Irradiation des aliments

L’irradiation des aliments présente les mêmes avantages que lorsque ces derniers sont chauffés, réfrigérés, congelés ou traités avec des produits chimiques, mais cette technique ne modifie pas leur température et n’entraîne pas la production de résidus. Elle permet de lutter contre l’altération des aliments, et les micro-organismes et les insectes ravageurs d’origine alimentaire, sans influencer leur goût ou leur odeur de manière notable.

Après de nombreuses années de recherche et l’élaboration de normes nationales et internationales, plus de 60 pays du monde entier disposent d’une réglementation autorisant l’irradiation d’un ou de plusieurs produits alimentaires. L’irradiation détruit des bactéries pathogènes et limite les risques de maladies d’origine alimentaire. Elle ne stérilise pas les aliments - qui doivent quand même être traités ou cuits correctement - mais elle les garde « propres » et les empêche de s’altérer, ce qui permet de les conserver plus longtemps tout en leur garantissant une sécurité sanitaire plus élevée et une meilleure qualité. L’irradiation est en outre une méthode viable de lutte contre les ravageurs, car elle assure la sécurité phytosanitaire des produits frais commercialisés en empêchant les insectes et autres ravageurs de se développer et de se reproduire. De fait, c’est cette capacité à lutter contre les ravageurs, y compris ceux donnant lieu à des mesures de quarantaine, qui a conduit de nombreux pays à adopter les applications des techniques d’irradiation.

En collaboration avec la FAO, l’AIEA cherche à renforcer les capacités nationales des États Membres dans l’application des techniques d’irradiation à des fins de sécurité sanitaire et de qualité des aliments. Les deux organisations collaborent en outre étroitement avec le secrétariat de la Convention internationale pour la protection des végétaux (CIPV) et la Commission du Codex Alimentarius pour harmoniser les normes ayant trait à l’irradiation à l’échelle mondiale.

L’irradiation des aliments pour soutenir le commerce international

L’irradiation est largement reconnue comme méthode de traitement après récolte éprouvée et efficace pour réduire la contamination bactérienne, et pour ralentir l’altération et maintenir la qualité des aliments. Elle empêche la germination et le mûrissement précoces et sert de traitement phytosanitaire pour lutter contre les insectes ravageurs dans les fruits et les légumes.

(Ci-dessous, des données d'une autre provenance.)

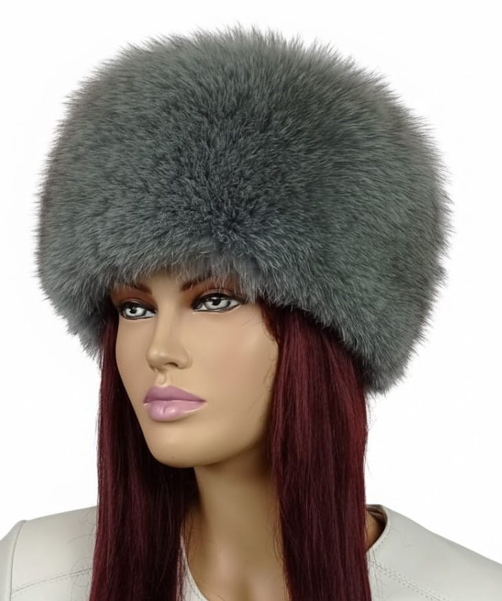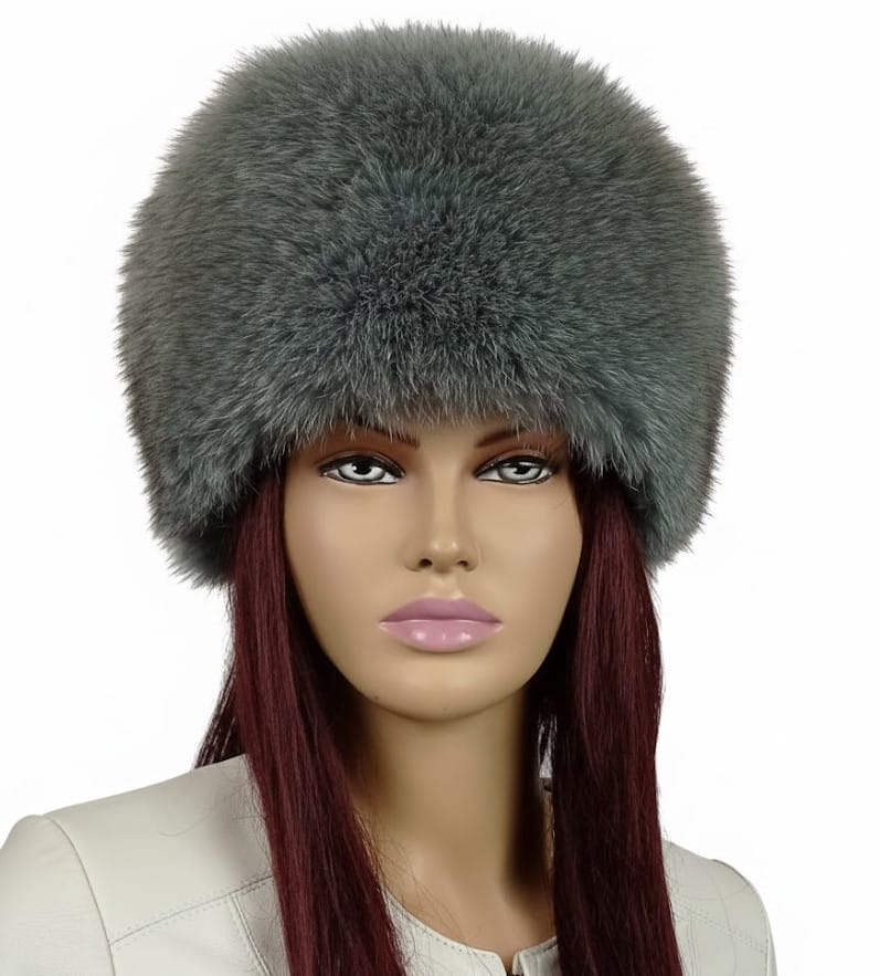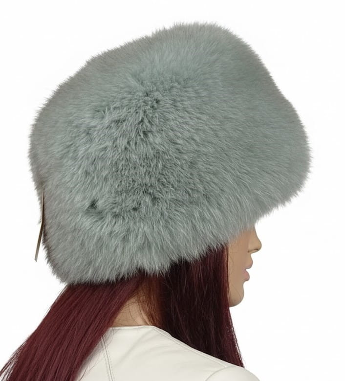 Ekskluzywna czapka „kula” wykonana z wysokiej jakości farbowanego futra lisa, charakteryzująca się niezwykłą miękkością, puszystością i elegancką, pełną formą.

L’irradiation des aliments met en jeu des rayonnements ionisants, qui peuvent être des rayons X, des rayons gamma ou des faisceaux d’électrons à haute énergie.

En 2003, la Commission du Codex Alimentarius, créée en 1963 par la FAO et l’Organisation mondiale de la Santé pour élaborer des normes alimentaires internationales harmonisées, a publié deux documents phares dans le domaine : la Norme générale Codex pour les aliments irradiés et le Code d’usages international recommandé pour le traitement des aliments par irradiation.

En collaboration avec la FAO et le secrétariat de la Convention internationale pour la protection des végétaux (CIPV), l’AIEA a élaboré deux autres documents importants intitulés : Directives pour l’utilisation de l’irradiation comme mesure phytosanitaire et Traitements phytosanitaires contre les organismes nuisibles réglementés. Ce dernier présente 15 traitements par irradiation pour 13 insectes ravageurs spécifiques, un autre pour toutes les mouches des fruits et un autre encore pour trois types de cochenilles. Ces protocoles servent de base aux accords commerciaux et offrent de nouveaux débouchés commerciaux en aidant les producteurs à respecter les prescriptions de plus en plus strictes de quarantaine introduites contre les ravageurs invasifs. Plusieurs variétés de fruits et de légumes irradiés font l’objet d’échanges internationaux sur le continent américain et dans la région Asie et Pacifique.

Des lacunes importantes subsistent cependant, et il est nécessaire de mettre au point des « traitements génériques » ciblant des grandes catégories de ravageurs afin d’offrir de nouvelles options permettant de protéger la production agricole et d’ouvrir la voie à l’intensification des échanges. Il faut également étudier les tendances vers des systèmes plus spécifiques de sécurité sanitaire et de contrôle des aliments, en particulier l’utilisation de techniques d’irradiation basées sur des appareils à rayonnement comme moyen d’assurer efficacement la qualité des produits alimentaires et de réduire au minimum les pertes et le gaspillage sans recourir à des sources de radionucléides, tout en calmant les inquiétudes des consommateurs relatives à l’utilisation de rayonnements ionisants.